• [WHAT TO WORK ON]:
In the entries below, find the line with "W ubiegłą sobotę, 11" and the line with "Lucky Brand Kasima"; reproduce those two lines and all lines between them exactly, without pictures.

(Beginning of GIVEN DATA)

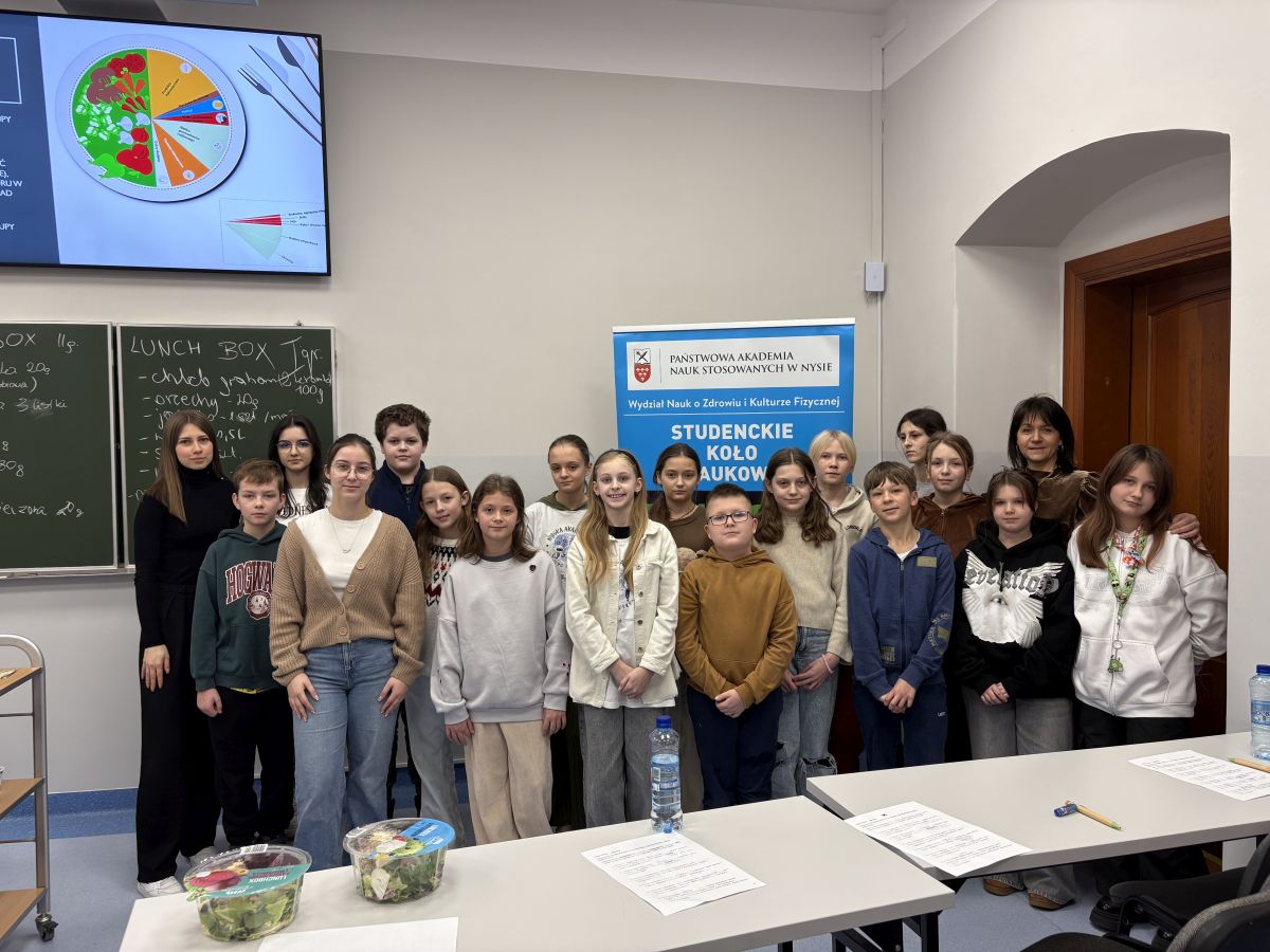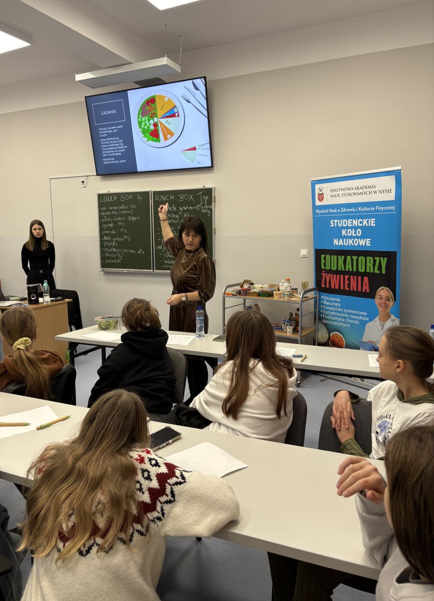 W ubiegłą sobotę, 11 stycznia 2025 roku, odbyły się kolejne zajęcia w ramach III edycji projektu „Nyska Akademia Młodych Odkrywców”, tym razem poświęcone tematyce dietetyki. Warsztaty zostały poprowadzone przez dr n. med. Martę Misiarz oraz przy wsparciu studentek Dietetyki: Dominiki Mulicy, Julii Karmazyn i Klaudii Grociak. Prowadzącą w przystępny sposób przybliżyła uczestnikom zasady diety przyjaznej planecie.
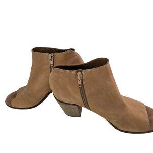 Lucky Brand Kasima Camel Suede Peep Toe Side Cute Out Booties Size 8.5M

(End of GIVEN DATA)
(Beginning of GIVEN DATA)

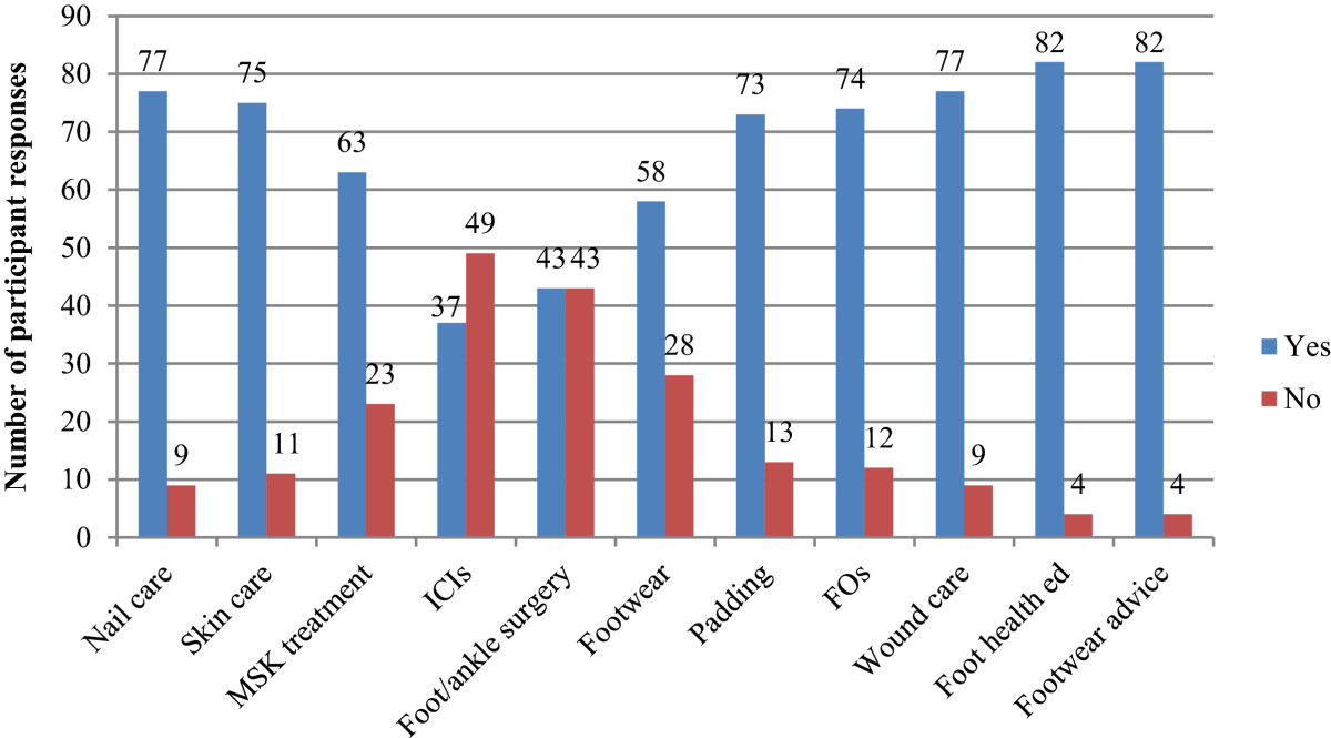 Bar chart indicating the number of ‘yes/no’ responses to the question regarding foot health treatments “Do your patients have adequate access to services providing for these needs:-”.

(End of GIVEN DATA)

• [ANSWER BELOW]:
 W ubiegłą sobotę, 11 stycznia 2025 roku, odbyły się kolejne zajęcia w ramach III edycji projektu „Nyska Akademia Młodych Odkrywców”, tym razem poświęcone tematyce dietetyki. Warsztaty zostały poprowadzone przez dr n. med. Martę Misiarz oraz przy wsparciu studentek Dietetyki: Dominiki Mulicy, Julii Karmazyn i Klaudii Grociak. Prowadzącą w przystępny sposób przybliżyła uczestnikom zasady diety przyjaznej planecie.
 Lucky Brand Kasima Camel Suede Peep Toe Side Cute Out Booties Size 8.5M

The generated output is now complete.